Both U.S.-born and immigrant participants in the focus groups shared their experiences of navigating a dual cultural environment between their ethnic heritage and American culture. A common thread that emerged was that being Asian in America is a process of blending two or more identities as one.

“Yeah, I want to say that’s how I feel – because like thinking about it, I would call my dad Lao but I would call myself Laotian American because I think I’m a little more integrated in the American society and I’ve also been a little more Americanized, compared to my dad. So that’s how I would see it.”

–U.S.-born man of Laotian origin in late 20s

“I mean, Bangladeshi Americans who are here, we are carrying Bangladeshi culture, religion, food. I am also trying to be Americanized like the Americans. Regarding language, eating habits.”

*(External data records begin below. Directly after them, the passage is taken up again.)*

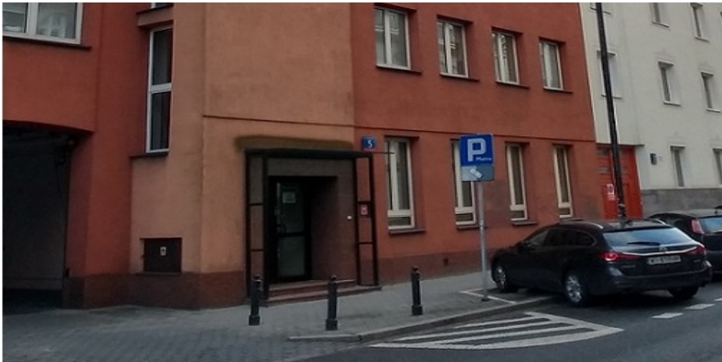
Budynek przy ulicy Nowogrodzkiej 5 w Warszawie, w którym (na I piętrze) mieścił się klub studencki „Babel” – widok współczesny

https://przystanekhistoria.pl/pa2/tematy/mlodziez/106572,Babel-Klub-studencki-zagraza-bezpieczenstwu-i-porzadkowi-publicznemu.html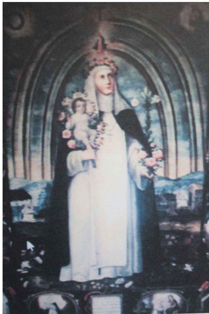
Figura 1: Santa Rosa de Lima, Juan Correa, siglo XVII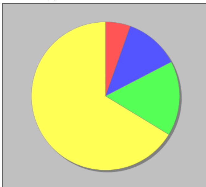
Distribuzione dei docenti a T.I. per anzianità nel ruolo di appartenenza (riferita all'ultimo ruolo)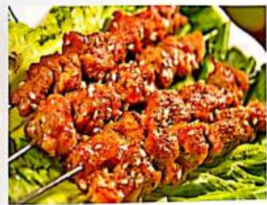
217 五花肉 $ 1 Pork Belly Skewer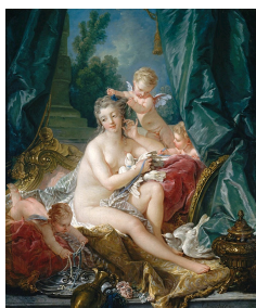
Photo n°6 : François Boucher (1703-1770), La Toilette de Venus, 1751.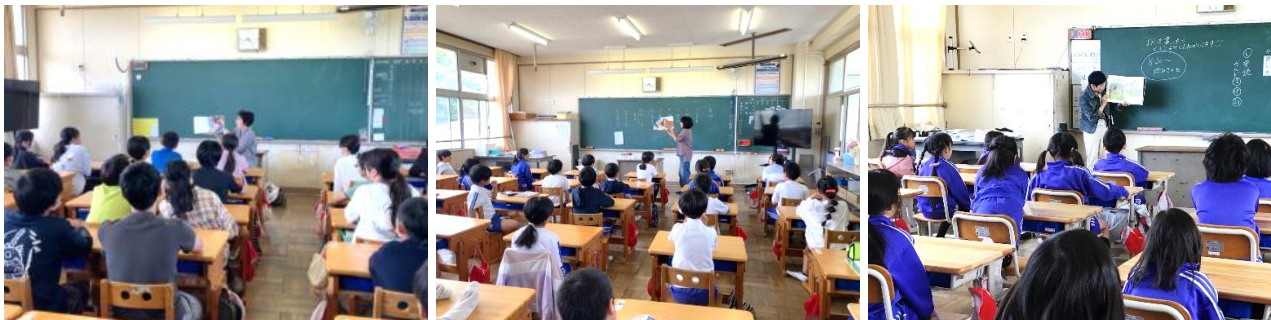
朝から絵本の楽しさを！ よみきかせの後に大きな拍手！ じっと本を見つめ 声を聞いて

今年度初めてボランティアさんによる「朝のよみきかせ」をしていただきました。8日は、3～6年生に、9日は、1・2年に、未来の世界のお話やおみそ汁のお話などの絵本を読んでいただきました。静かに耳を傾ける学年や楽しく会話をしながら聞く学年など、心の栄養をたくさんいただきました。ありがとうございました。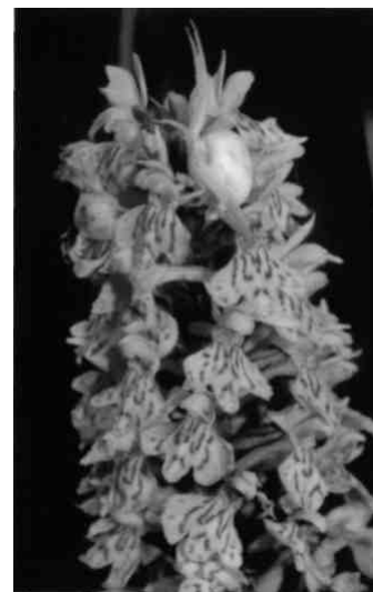
Krabbspinne auf einer Orchis

Mundpartie und den auffallend rundlichen Flossen. Aus Gründen, die von Fach-

–Immigrant man of Bangladeshi origin in mid-50s

“Just like there is Chinese American, Mexican American, Japanese American, Italian American, so there is Indian American. I don’t want to give up Indianness. I am American by nationality, but I am Indian by birth. So whenever I talk, I try to show both the flags as well, both Indian and American flags. Just because you make new relatives but don’t forget the old relatives.”

–Immigrant man of Indian origin in late 40s

growing up in america essay

Pew Research Center designed these focus groups to better understand how members of an ethnically diverse Asian population think about their place in America and life here. By including participants of different languages, immigration or refugee experiences, educational backgrounds, and income levels, this focus group study aimed to capture in people’s own words what it means to be Asian in America. The discussions in these groups may or may not resonate with all Asians living in the United States. Browse excerpts from our focus groups with the interactive quote sorter below, view a video documentary focused on the topics discussed in the focus groups, or tell us your story of belonging in America via social media. The focus group project is part of a broader research project studying the diverse experiences of Asians living in the U.S.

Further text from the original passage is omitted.